Obviously, though, this isn’t true. I don’t really understand, for instance, what section 751(b) of the Internal Revenue Code means. My tax professor in law school speculated that even the IRS might not entirely understand how to comply with it. But no court would declare section 751(b) void for vagueness (see this article, however). If you read a bunch of the void-for-vagueness cases, you might rightly wonder whether this doctrine has anything to do with the “ordinary person.” Those laws that get struck down as being too vague aren’t the ones that are difficult to understand—in fact, they’re often the very laws that do appeal to common sense. Like the Chicago law that instructed police officers to disperse any group of “criminal street gang members” found loitering on the street.

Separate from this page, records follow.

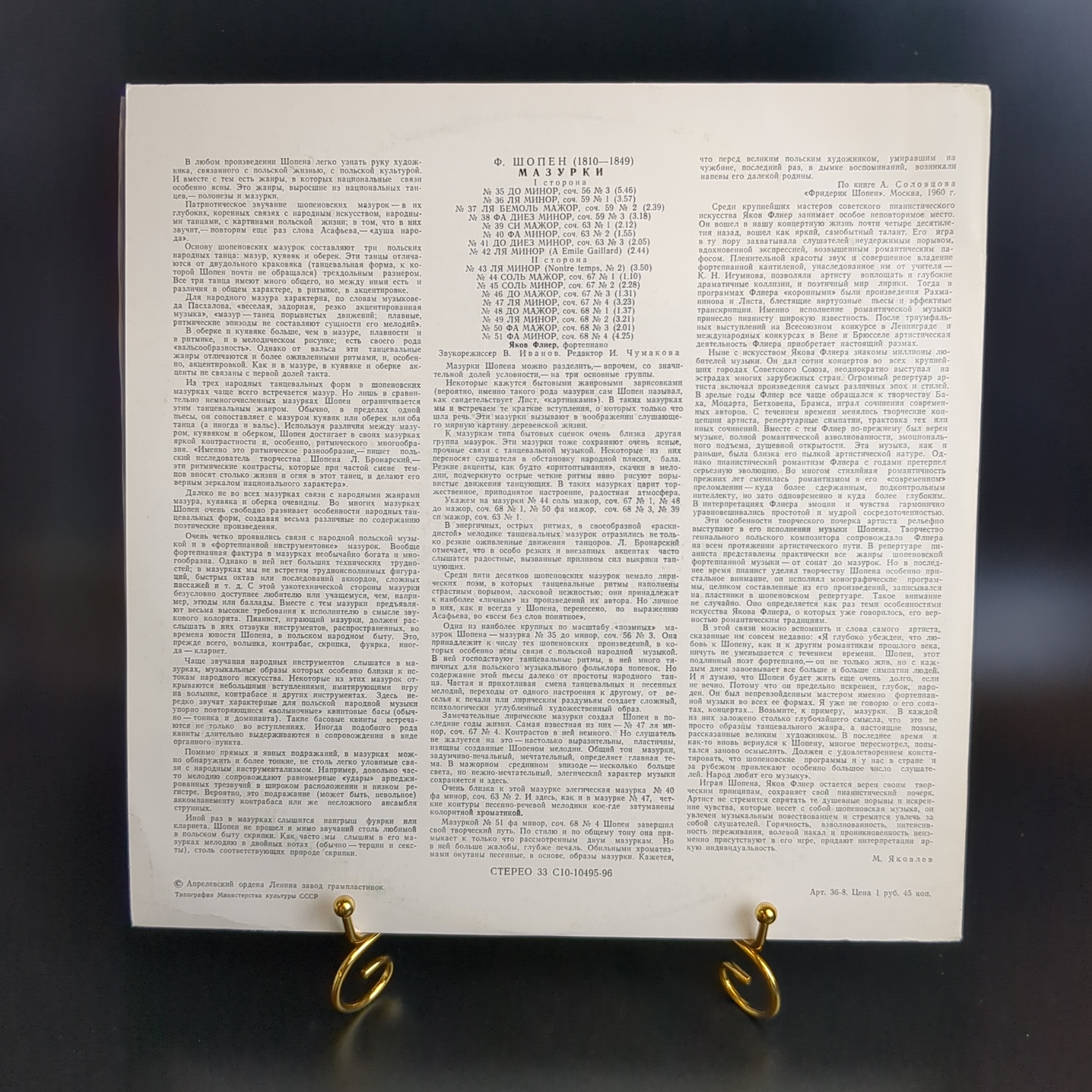 Ф.Шопен Мазурки виниловая пластинка 12 дюймов Яков Флиер фортепиано, винтаж, LP классика, СССР Мелодия. Классическая музыка на виниле. Конверт EX / Диск EX-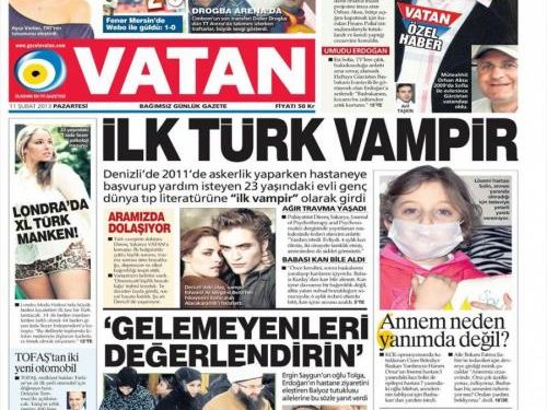 «Ο πρώτος Τούρκος βαμπίρ» είναι ο τίτλος της Vatan. H τουρκική εφημερίδα γράφει πως τούρκοι επιστήμονες κατέγραψαν στην επιστημονική κοινότητα έναν 23 χρονο νεαρό ο οποίο όταν ήταν φαντάρος ζήτησε τη βοήθεια επιστημόνων καθώς είχε ανάγκη να πίνει ανθρώπινο αίμα.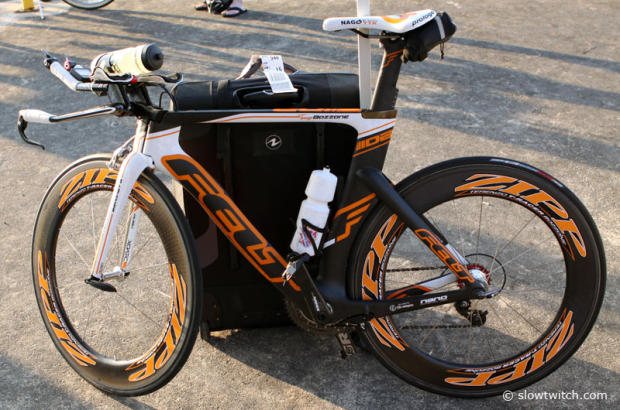 A replica of Fraser Cartmell's race rig in the Trek / K-Swiss compound.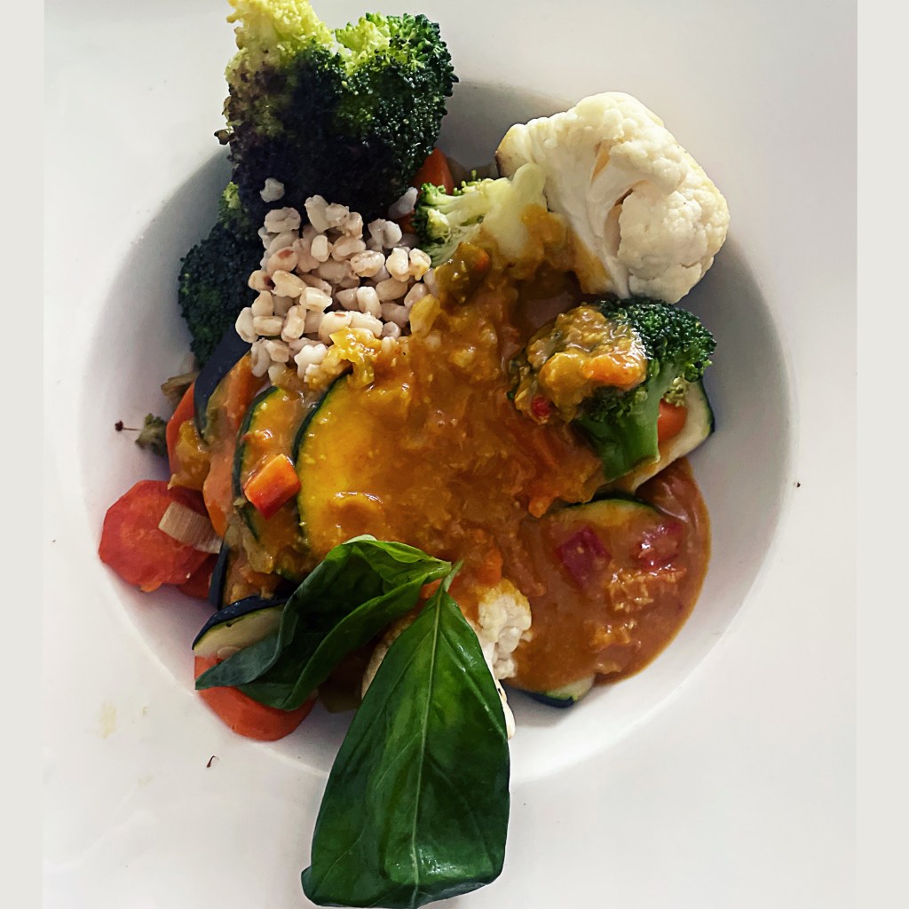 Kokosmilch darüber und mit köcheln lassen.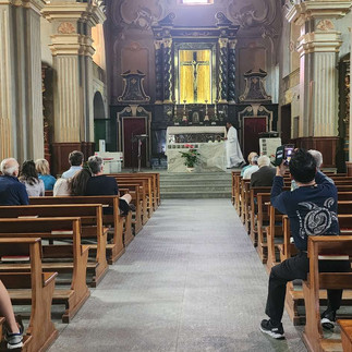 I showered, changed and made my way to the bus stop, thinking perhaps I can catch a bus to Chamonix, arriving I found that I had missed the most recent bus by about 5 minutes, next bus would be in a couple of hours, aibwas happy to wait for that, brought a return ticket and decided to take a look around town before I caught the bus. Turns out, that on Sunday the main street of Courmayeur becomes a little bit of a market, with a bunch of stalls all the way down the street. I also decided to take a look inside the small church that I had to run past when doing the CCC, it's just a small one but I felt I should check it out. There wasn't really too much to see inside this one, although it did appear there was about to be a service as a lot of people where arriving and the minister had just walked up to his podium as I was leaving.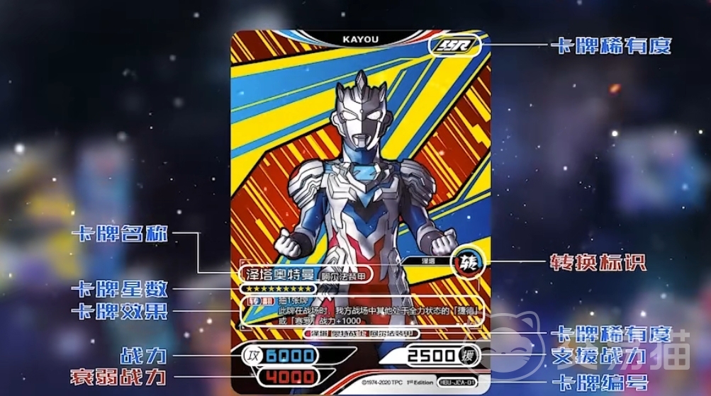 这个奥特曼的初始输出有5500,支援能力也比上面的数值要高一点,有3500,最后一个最强的UR奥特曼其实是泽塔奥特曼,在翻牌技能上面使用泽塔的话会有1张能量牌,且本回合的战力会增加1000,胜利的时候会使用2张能量牌,然后本回合此牌可不被支援角色替换,原始的输出上面有6000,而支援有1600。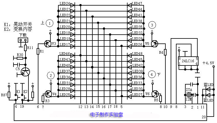 這是我們早期產(chǎn)品的電路原理圖,最新產(chǎn)品已經(jīng)做了一些改動,采用31LED顯示圖形,由一片24腳的單片機(jī)直接驅(qū)動,圖中黑色是滾珠開關(guān)K1,用于判斷搖晃速度并自動適應(yīng)顯示頻率。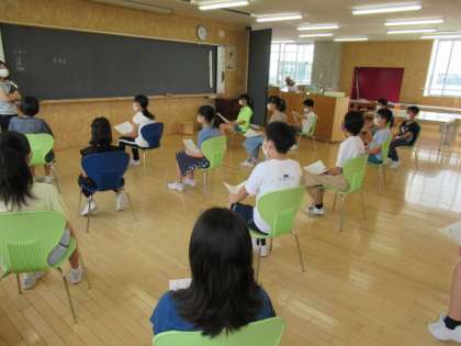 児童会スローガンを決めるために、どんな学校にしたいか意見を出し合いました。
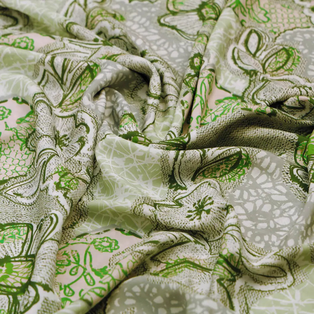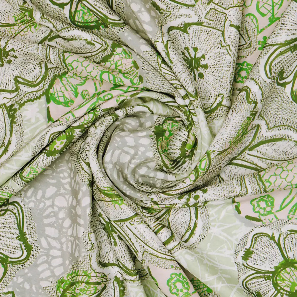 ₹ 399.00 per MeterGreen Floral French Crepe Fabric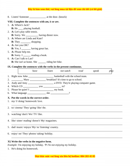 IX. Complete the sentences with the verbs in the present continuous. have listen not watch read speak play 1. Right now John
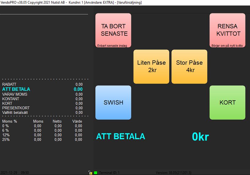 Det går också såklart att skapa en separat snabbknapp som kör makro ##AVSLUTA## för att enkelt stänga ner kassaprogrammet. Dock med den uppenbara risken att knappen används av kunder vilket de flesta vill undvika i OT-kassor.

But what if you’re not even allowed to look at the rule? If the rule itself is secret, can the “ordinary person exercising ordinary common sense” understand and comply with it? That is, can “a small circle of people on the playground secretly make up new rules for the basketball game going on nearby, then wait with grins for someone to do something wrong?” Yes, says the U.S. Court of Appeals for the Ninth Circuit, and the U.S. Supreme Court doesn’t have a big problem with that answer. This is the Gilmore v. Gonzalez case, a case about the sort-of-requirement that you show identification to board a commercial flight in the United States.
The rule at issue there is a “Security Directive” that the Transportation Security Administration issued. The TSA is permitted to classify its Security Directives as “Sensitive Security Information” and refuse to disclose them to the public. The requirements (or whatever) that force you to show your ID before boarding an airplane have been kept secret in this way. So John Gilmore challenged this, saying this kind of rule should be void for . . . vagueness? Unknowableness?
A federal appellate panel that included both of Idaho’s Ninth Circuit judges rejected Gilmore’s claims. In an opinion (168 KB PDF) written by Judge Richard Paez (a Latino, LDS Clinton-appointee who worked for many years as a legal aid attorney), the court said that all that matters is whether the public knows what to do. “Although Gilmore was not given the text of the identification policy due to the Security Directive’s classification as SSI, he was nonetheless accorded adequate notice of the policy and how to comply.” This morning, the Supreme Court announced that it will not hear Gilmore’s case.